» **Exercise directions**
Below are the records; repeat exactly their lines between the line holding "为深入贯彻落实中央民族工作会" and the line holding "Der Rahmen hat", inclusive, skipping the pictures.

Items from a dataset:

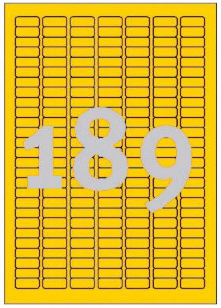 Rozměr štítku: 25,4 x 10 mm Typ potisku štítků: Tiskárma laserová, inkoustová, kopírka, barevná laserová Barva štítků: Žlutá Materiál štítků: Papír Počet listů v balení: 20 Počet štítků na A4: 189 Počet štítků v balení: 3780
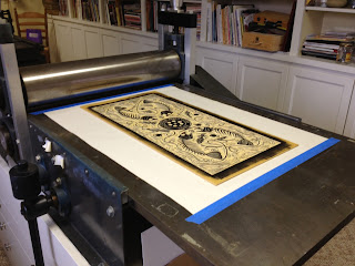 I finally finished carving my giant steamroller block today. I cut out the middle 20" of it and have used it to print my first ever bandanas.
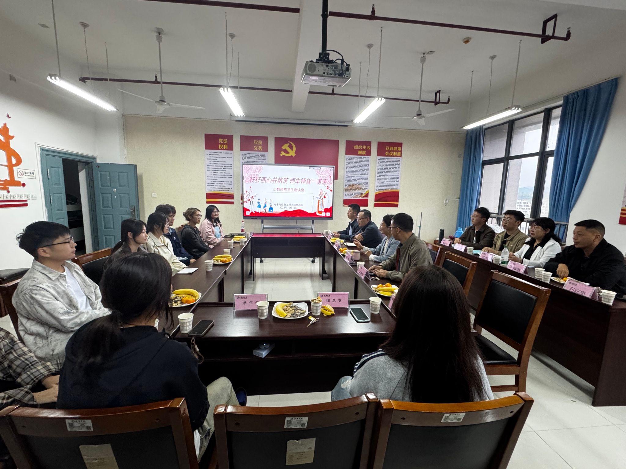为深入贯彻落实中央民族工作会议精神,推动铸牢中华民族共同体意识教育走深走实,10月16日下午,买球体育官方网站党总支在江北校区逸夫科技楼B702会议室组织召开了“籽籽同心共筑梦 师生畅叙一家亲”主题座谈会。学院领导班子、辅导员、少数民族学生及学生干部代表共聚一堂,畅谈民族团结,共话成长发展。会议由党总支副书记蔡正往主持。
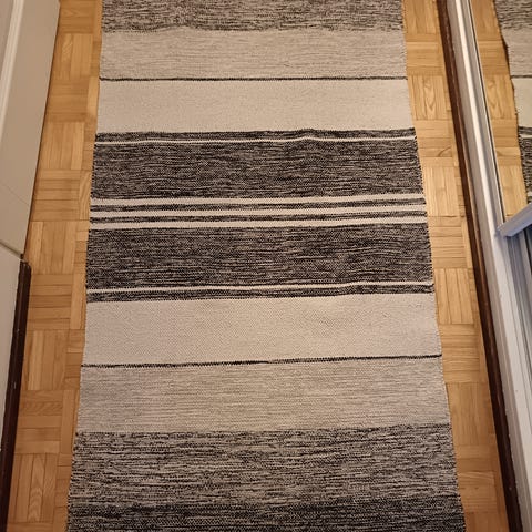 Myynnissä käytössä ollut mutta vielä hyvässä kunnossa ja pesty räsymatto.
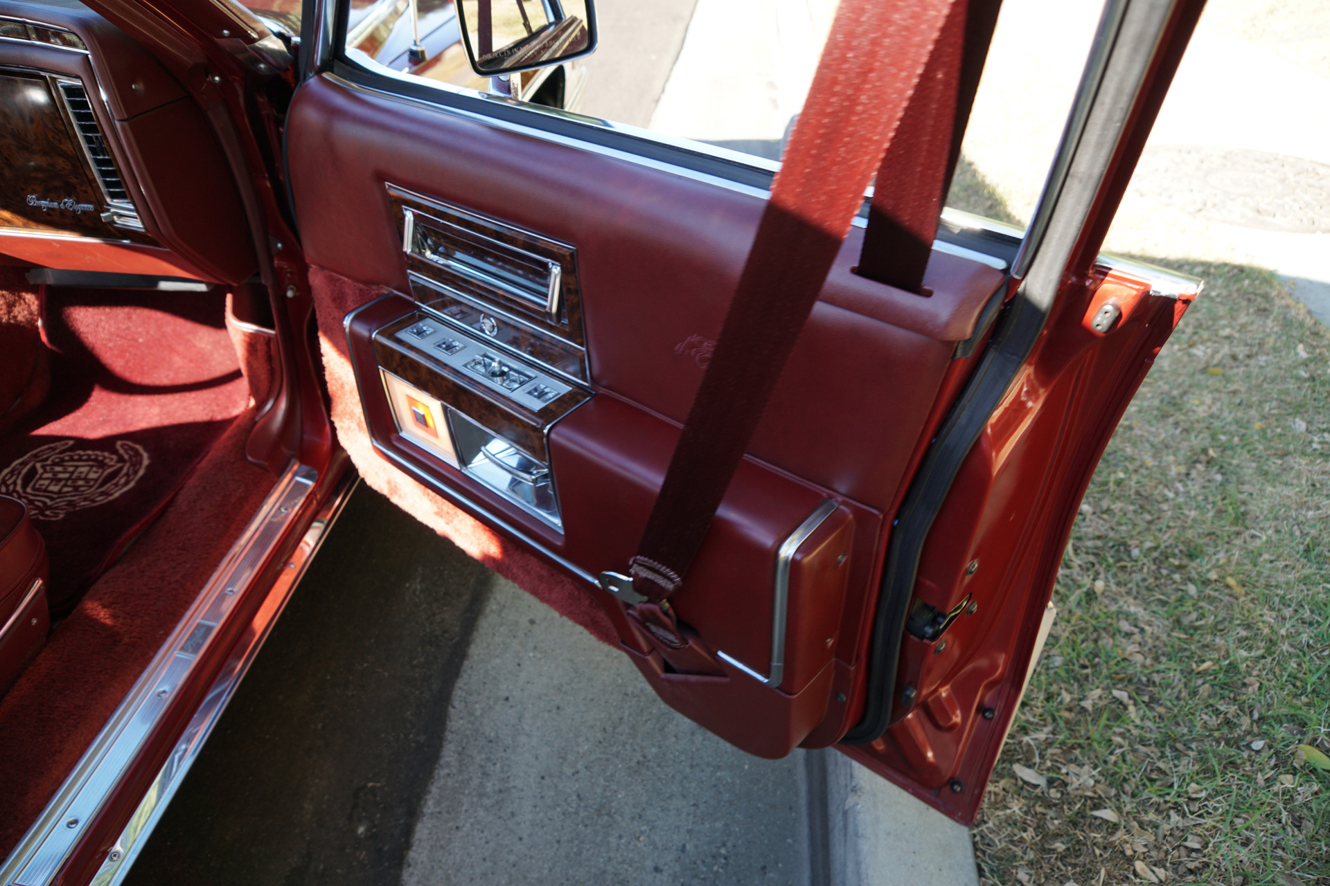 Significant changes took place in the Brougham's interior. Two new colors for the Primavera cloth upholstery, Antelope and Dark Maple Red, were introduced. A total of four colors were offered. The same colors were added to the standard Brougham's grain-leather interior, making for a total availability of seven colors. Joining Antelope and Dark Maple Red was black for the d'Elegance Brougham's Sierra grain leather interior, which was also available in three other colors. Revisions to the Brougham's seating areas consisted of the replacement of Royal Prima with Primavera cloth, outboard front seat cushions contoured on the standard Brougham for increased lateral support, a new standard front seat center armrest with storage compartment, and change in the d'Elegance seat to a 55/45 configuration. Carpeted rubber-backed floor mats with retention needles were now used. New standard automatic safety belts for driver and right front passenger were installed. A black walnut burl trim was used for the instrument panel, doors and steering wheel horn pad. Both a power driver seat recliner and an electronic digital instrument panel were now standard. An improve electronic climate control system with three automatic and two manual settings was adopted. The standard AM/FM radio with a preset graphic equalizer, cassette tape player and signal seeking and scanner feature with digital display was also upgraded. Both a new compact disc player and an electrochromic inside rearview mirror were optional. Items previously optional that were made standard for 1991 were as follows: side and deck lid accent striping, rear window defogger and heated outside mirrors door edge guards, carpeted floor mats, front license mounting provisions and trunk mat.
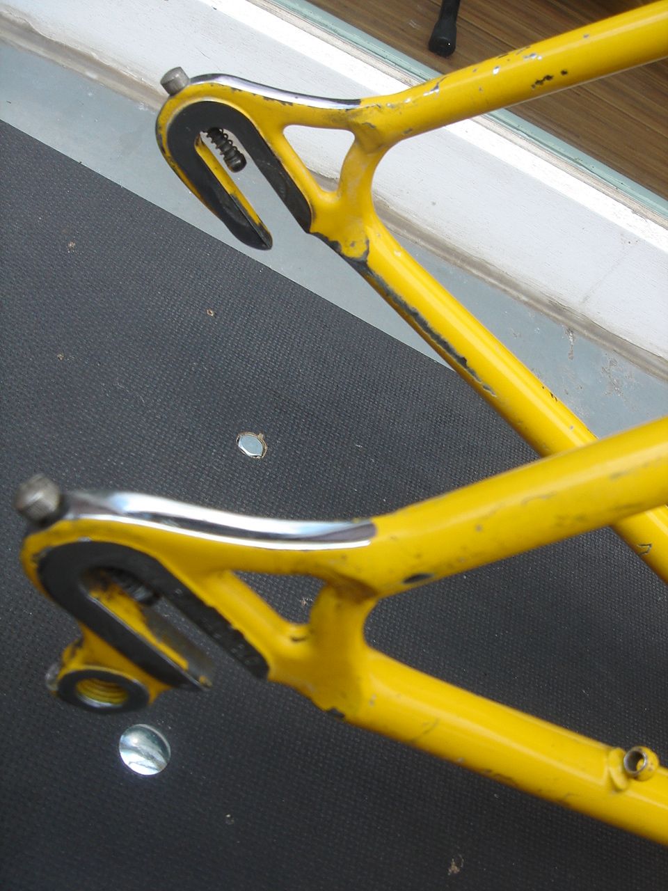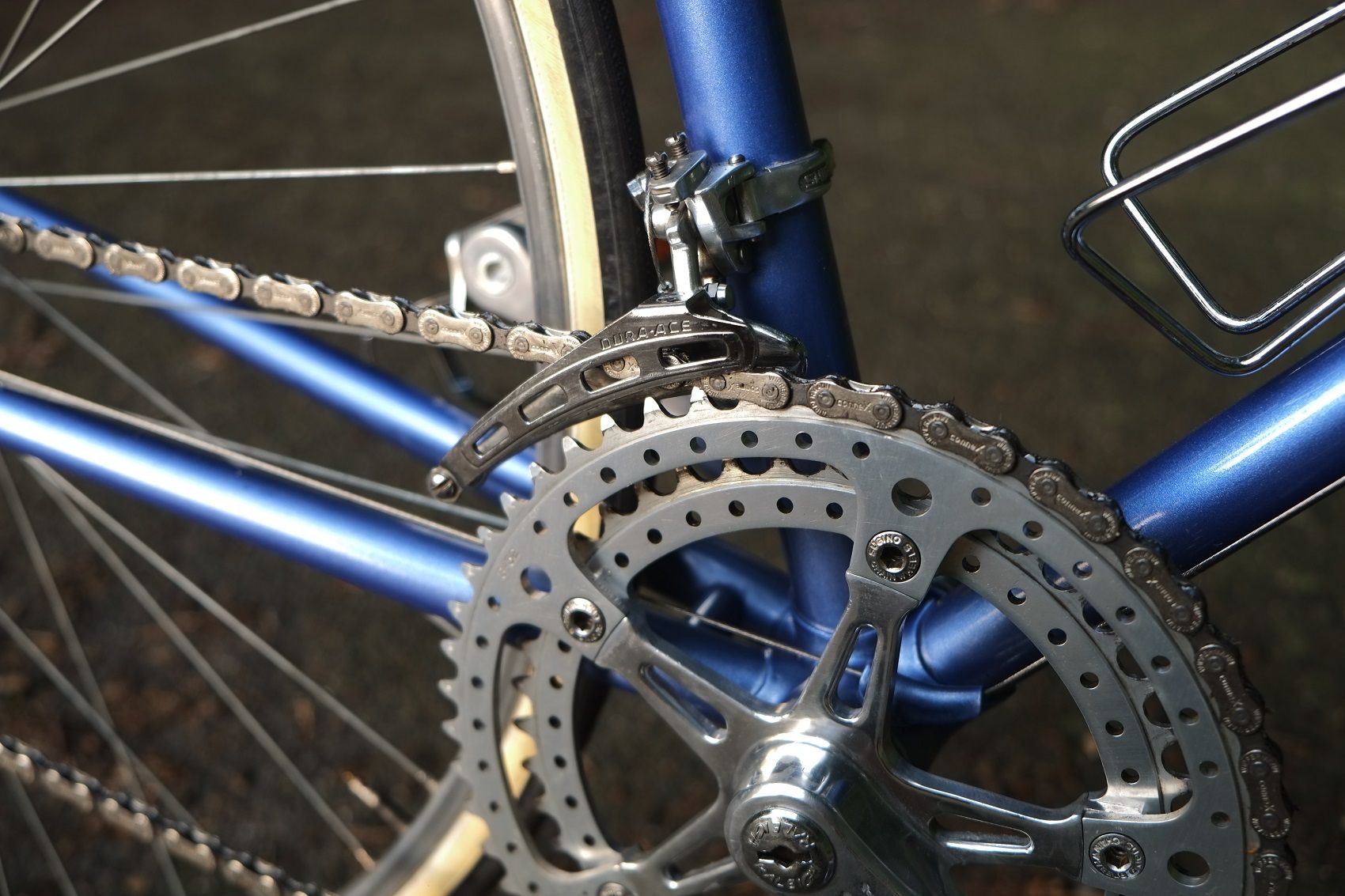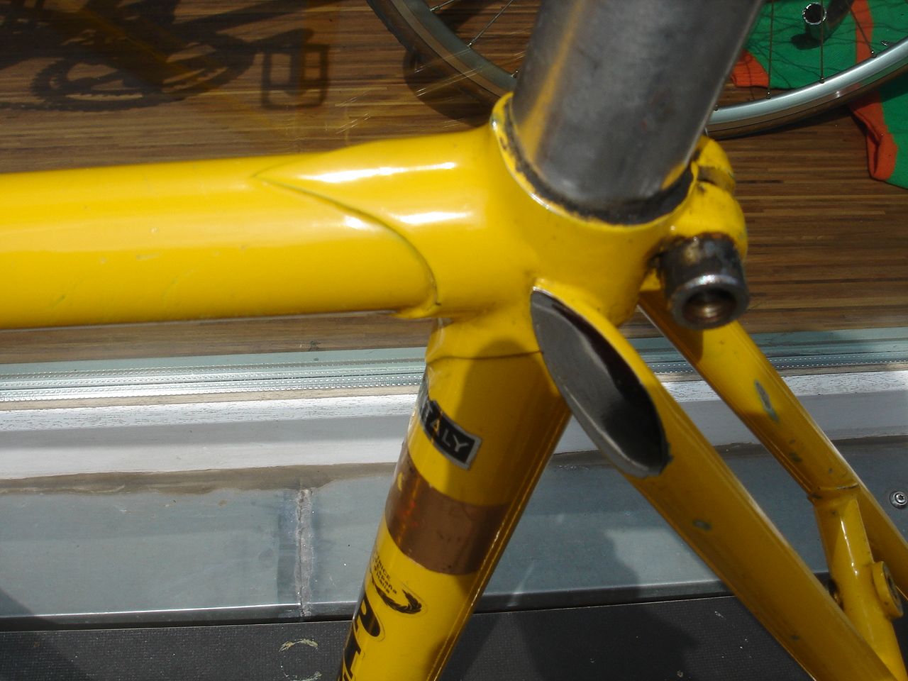 Der Rahmen hat Zeus Ausfallenden, Columbus SL Rohre (an den Kettenstreben schimmert die Taube durch den Lack), Nervex Tretlagermuffe und möglicherweise (98,9%ig) Cinelli Muffen.
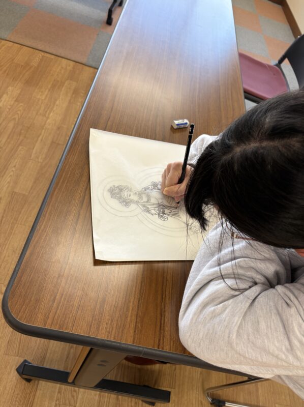 ■静寂の中での精神修養(信永院座禅の会) お香の香りが漂う空間で、写経や写仏の体験が行われました。生徒からは「写仏に挑戦しました。集中する時間は貴重な体験になりました」といった声が聞かれ、外の賑やかさとは対照的な静寂を味わっていました。

» **Output for this task**
为深入贯彻落实中央民族工作会议精神,推动铸牢中华民族共同体意识教育走深走实,10月16日下午,买球体育官方网站党总支在江北校区逸夫科技楼B702会议室组织召开了“籽籽同心共筑梦 师生畅叙一家亲”主题座谈会。学院领导班子、辅导员、少数民族学生及学生干部代表共聚一堂,畅谈民族团结,共话成长发展。会议由党总支副书记蔡正往主持。
 Myynnissä käytössä ollut mutta vielä hyvässä kunnossa ja pesty räsymatto.
 Significant changes took place in the Brougham's interior. Two new colors for the Primavera cloth upholstery, Antelope and Dark Maple Red, were introduced. A total of four colors were offered. The same colors were added to the standard Brougham's grain-leather interior, making for a total availability of seven colors. Joining Antelope and Dark Maple Red was black for the d'Elegance Brougham's Sierra grain leather interior, which was also available in three other colors. Revisions to the Brougham's seating areas consisted of the replacement of Royal Prima with Primavera cloth, outboard front seat cushions contoured on the standard Brougham for increased lateral support, a new standard front seat center armrest with storage compartment, and change in the d'Elegance seat to a 55/45 configuration. Carpeted rubber-backed floor mats with retention needles were now used. New standard automatic safety belts for driver and right front passenger were installed. A black walnut burl trim was used for the instrument panel, doors and steering wheel horn pad. Both a power driver seat recliner and an electronic digital instrument panel were now standard. An improve electronic climate control system with three automatic and two manual settings was adopted. The standard AM/FM radio with a preset graphic equalizer, cassette tape player and signal seeking and scanner feature with digital display was also upgraded. Both a new compact disc player and an electrochromic inside rearview mirror were optional. Items previously optional that were made standard for 1991 were as follows: side and deck lid accent striping, rear window defogger and heated outside mirrors door edge guards, carpeted floor mats, front license mounting provisions and trunk mat.
 Der Rahmen hat Zeus Ausfallenden, Columbus SL Rohre (an den Kettenstreben schimmert die Taube durch den Lack), Nervex Tretlagermuffe und möglicherweise (98,9%ig) Cinelli Muffen.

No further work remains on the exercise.